Little is known regarding the impact of clinical experience on performance of ERCP in a VR simulator. A narrative review concluded that trainees, after clinical experience, show significant improvements in VR ERCP simulation performance, suggesting that practical experience enhances the effectiveness of simulator-based training. 8 Furthermore, a study found that clinical experience combined with immersive virtual reality (IVR) training can enhance the learning process and improve performance benchmarks in the simulator. 9 However, both studies used subjective evaluation assessment, which may have little or no correlation with objective measures. 10
Three salivary stress hormones, chromogranin A (sCgA), cortisol (sC), and α-amylase (sAA), are considered accurate biomarkers of stress and relevant in stress assessment. It has been shown that familiarization with the ERCP simulator greatly reduces stress in terms of less increase in stress marker levels. 11 They have emerged as a valuable tool for assessing stress due to ease of saliva collection. They provide insight into acute and chronic stress responses, reflecting physiological changes associated with stress.

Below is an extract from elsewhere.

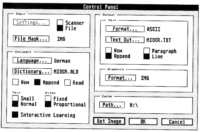 Ungewöhnlich ist, daß man keinen Einblick in und evtl. Einfluß auf die Wörterbücher nehmen kann. Während andere Texterkennungsprogramme sehr stolz die erkannten Zeichen in einer Tabelle präsentieren, bleibt bei MIGRAPH OCR vieles im Verborgenen. Ist ja auch einleuchtend, daß man Formeln und Merkmale, in die die Buchstaben verwandelt sind, schlecht anschaulich darstellen kann, aber die sogenannten ‘linguistischen' Grundlagen (Ausnahmebibliothek) hätte man durchaus offenlegen können.

Chromogranin A (CgA): Is a protein released from the adrenal medulla and other neuroendocrine tissues during stress. It is considered to represent activation of the sympathetic-adrenal-medullary (SAM) system and therefore used as a marker of acute stress. It has been used to measure stress responses in various settings, including reproducible VR simulator procedures, 11 although results are sometimes inconsistent. 12
Cortisol (sC): Is a glucocorticoid hormone released in response to stress and is a primary marker of the hypothalamic–pituitary–adrenal (HPA) axis. Levels have a circadian rhythm with a peak in the morning, declining thereafter. 13 The concentration of cortisol in saliva is proportional to the plasma level, thus reflecting activity of the HPA axis. 14 Studies have consistently shown that sC levels accurately reflect the body’s stress response, making it a valuable tool for measuring acute stress. 15 Significant increases in cortisol levels in saliva have been observed during stress-induced situations. 11
Salivary α-amylase (sAA): Is an enzyme that increases in response to stress, reflecting activity of the SAM axis. In surgical practice, sAA could serve as a practical non-invasive method for assessing acute stress in real time. 16 In recent years, sAA activity has emerged as a valid and reliable marker of sympathetic activation in stress research. 17
No agreement has been reached on which of the three salivary stress biomarkers is the most appropriate for acute stress detection. sAA has been suggested as a valid and reliable marker of autonomic nervous system activity in stress research, emphasizing its importance in behavioral medicine. 18 Furthermore, Deneva et al. 12 stated that sC is frequently used as a “gold standard marker of stress,” suggesting its widespread acceptance and reliability in stress evaluation. For the purposes of this study, we used all three biomarkers.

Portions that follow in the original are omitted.